--- Collected data ---
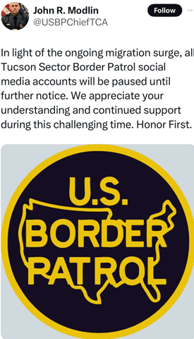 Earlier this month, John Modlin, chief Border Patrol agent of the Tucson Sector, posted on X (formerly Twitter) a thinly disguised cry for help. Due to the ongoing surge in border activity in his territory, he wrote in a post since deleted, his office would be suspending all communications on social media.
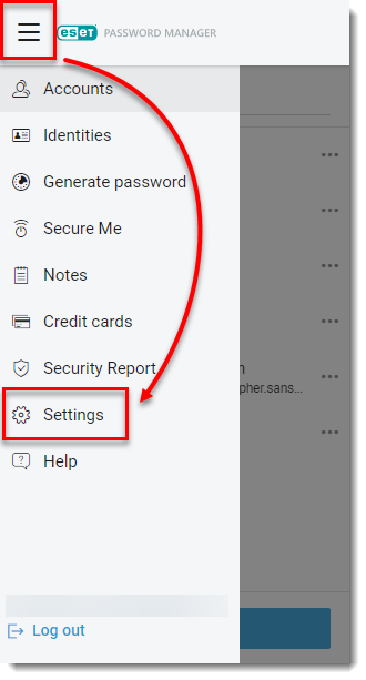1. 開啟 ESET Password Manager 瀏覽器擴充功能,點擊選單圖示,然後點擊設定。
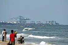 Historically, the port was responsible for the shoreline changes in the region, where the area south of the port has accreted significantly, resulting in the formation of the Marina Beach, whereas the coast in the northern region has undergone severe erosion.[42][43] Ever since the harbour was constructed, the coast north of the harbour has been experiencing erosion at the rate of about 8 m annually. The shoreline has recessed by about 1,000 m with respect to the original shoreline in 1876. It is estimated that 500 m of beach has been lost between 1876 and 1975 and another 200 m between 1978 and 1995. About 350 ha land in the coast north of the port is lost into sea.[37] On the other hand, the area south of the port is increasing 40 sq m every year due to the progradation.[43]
---
Write out the material above exactly; no pictures.

 Earlier this month, John Modlin, chief Border Patrol agent of the Tucson Sector, posted on X (formerly Twitter) a thinly disguised cry for help. Due to the ongoing surge in border activity in his territory, he wrote in a post since deleted, his office would be suspending all communications on social media.
1. 開啟 ESET Password Manager 瀏覽器擴充功能,點擊選單圖示,然後點擊設定。
 Historically, the port was responsible for the shoreline changes in the region, where the area south of the port has accreted significantly, resulting in the formation of the Marina Beach, whereas the coast in the northern region has undergone severe erosion.[42][43] Ever since the harbour was constructed, the coast north of the harbour has been experiencing erosion at the rate of about 8 m annually. The shoreline has recessed by about 1,000 m with respect to the original shoreline in 1876. It is estimated that 500 m of beach has been lost between 1876 and 1975 and another 200 m between 1978 and 1995. About 350 ha land in the coast north of the port is lost into sea.[37] On the other hand, the area south of the port is increasing 40 sq m every year due to the progradation.[43]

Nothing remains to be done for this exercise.